++++ RECORDS SHOWN ++++

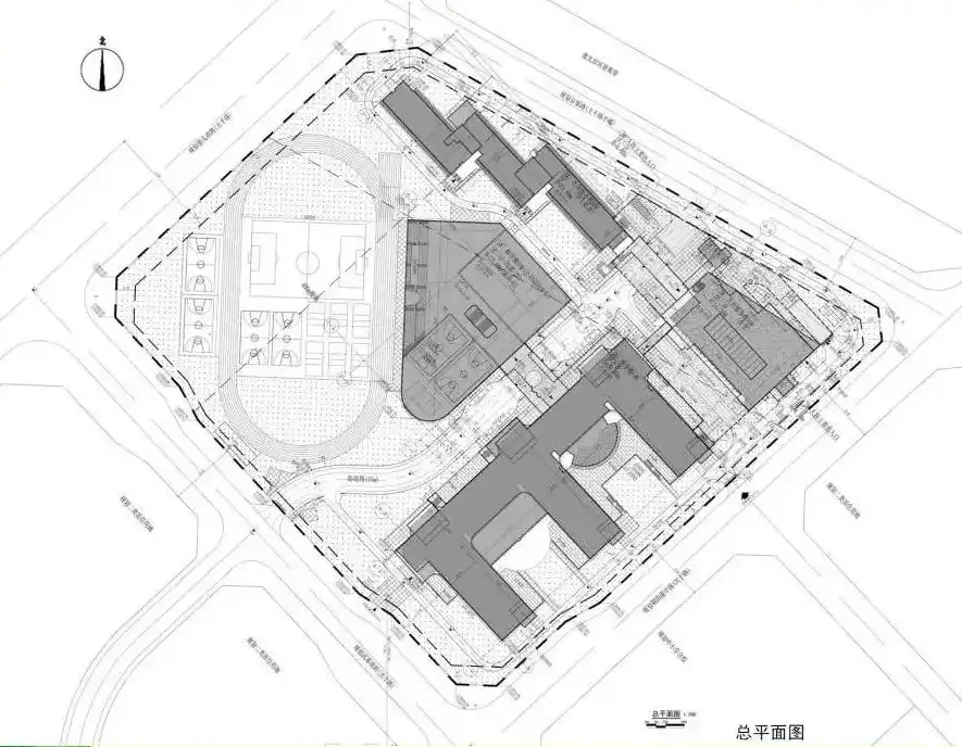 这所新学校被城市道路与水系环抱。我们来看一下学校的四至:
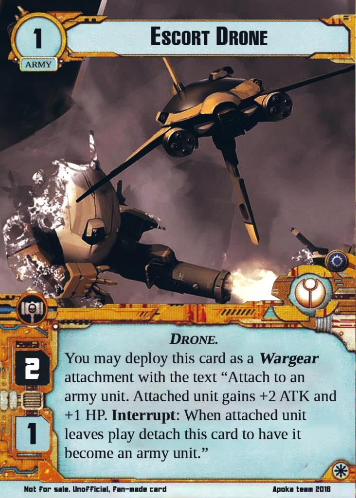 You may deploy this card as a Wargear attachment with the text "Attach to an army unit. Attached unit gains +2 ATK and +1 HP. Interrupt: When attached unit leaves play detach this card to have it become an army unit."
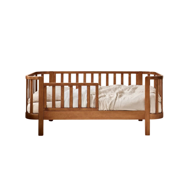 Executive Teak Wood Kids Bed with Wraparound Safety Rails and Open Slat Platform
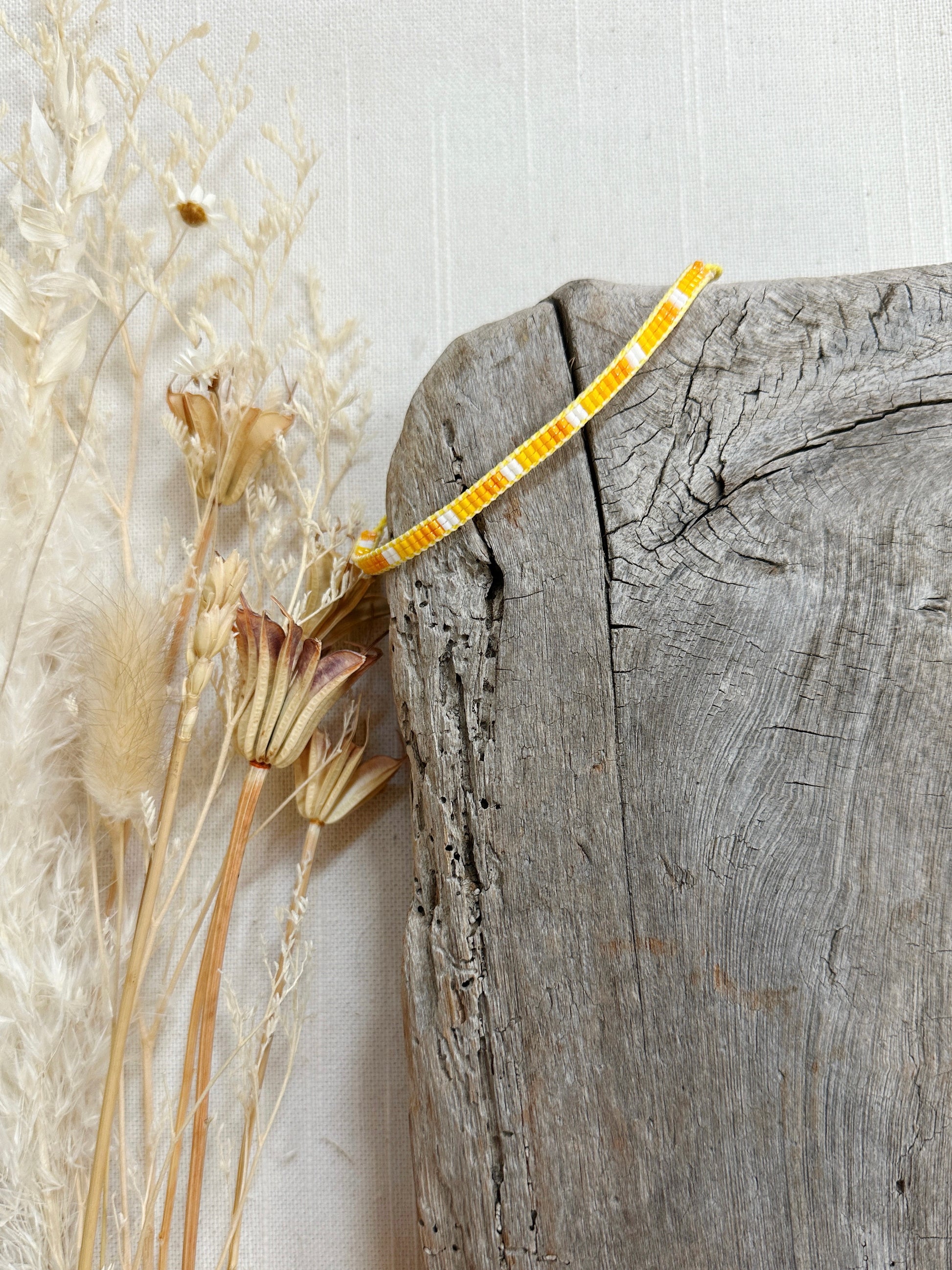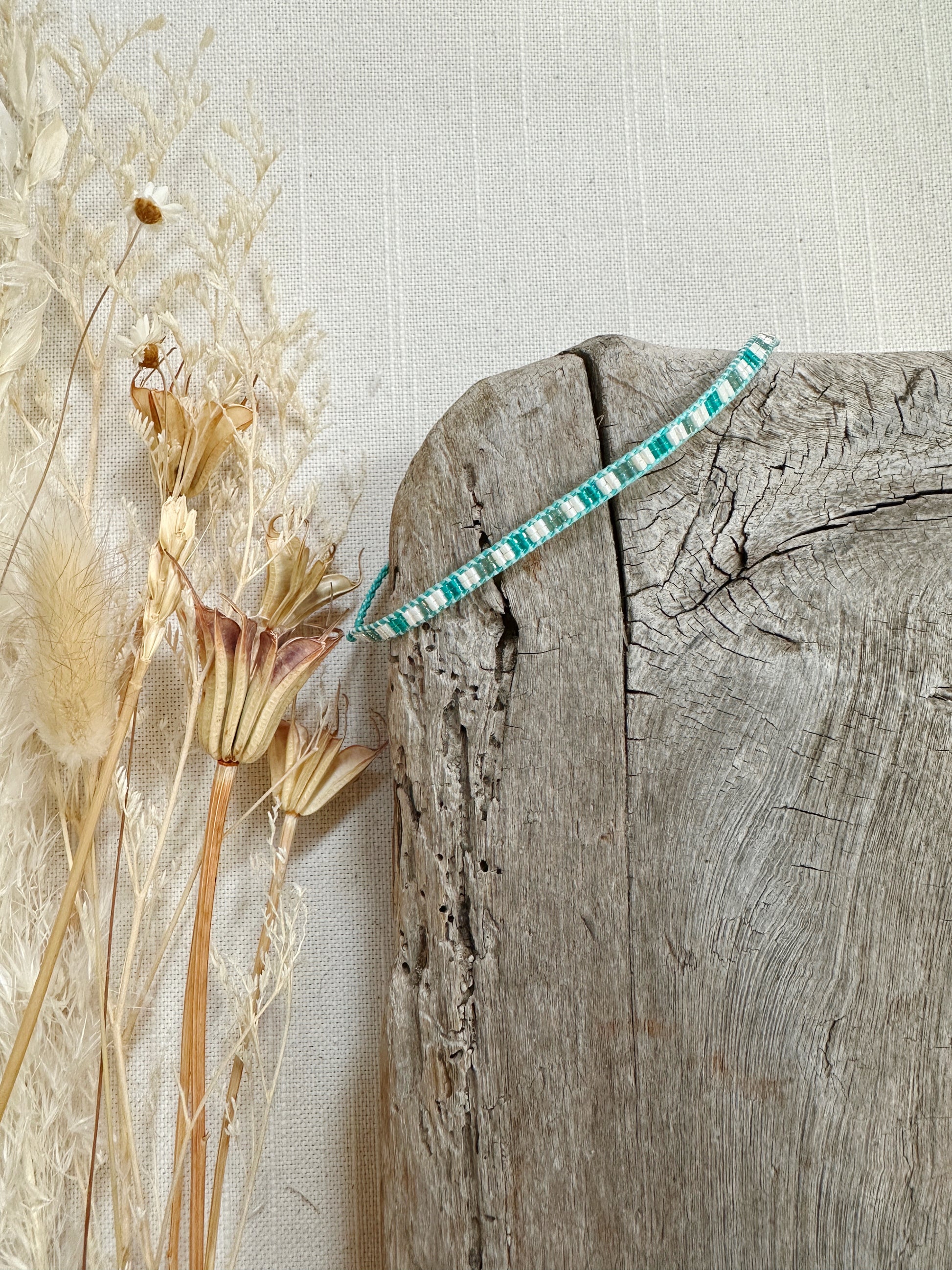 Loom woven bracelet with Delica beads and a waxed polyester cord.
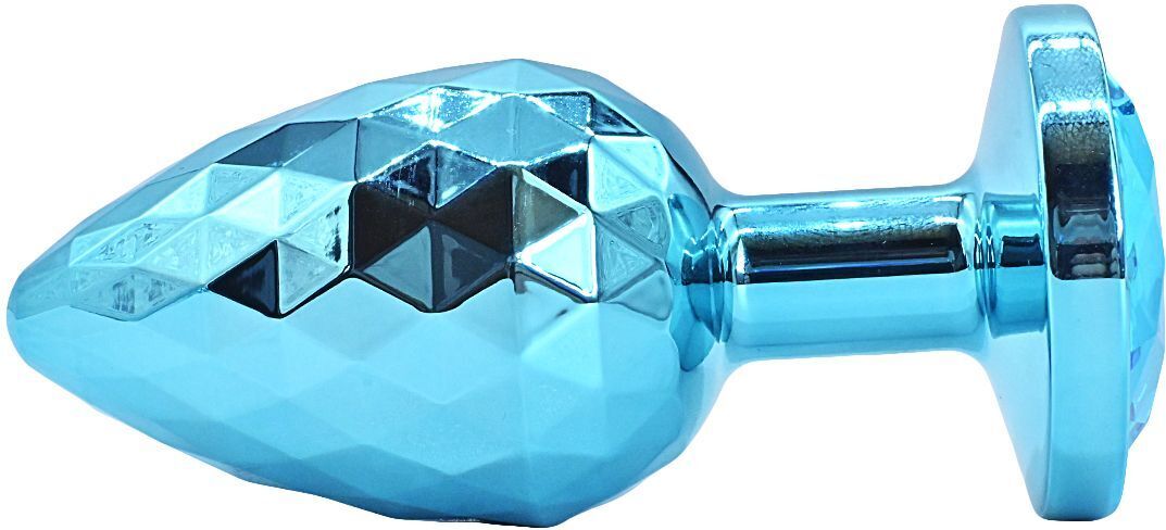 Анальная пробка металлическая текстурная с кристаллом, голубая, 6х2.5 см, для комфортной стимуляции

++++

Your answer must be an exact copy of every entry, with the pictures left out.

_RESPONSE TO THIS EXERCISE_
 这所新学校被城市道路与水系环抱。我们来看一下学校的四至:
 You may deploy this card as a Wargear attachment with the text "Attach to an army unit. Attached unit gains +2 ATK and +1 HP. Interrupt: When attached unit leaves play detach this card to have it become an army unit."
 Executive Teak Wood Kids Bed with Wraparound Safety Rails and Open Slat Platform
 Loom woven bracelet with Delica beads and a waxed polyester cord.
 Анальная пробка металлическая текстурная с кристаллом, голубая, 6х2.5 см, для комфортной стимуляции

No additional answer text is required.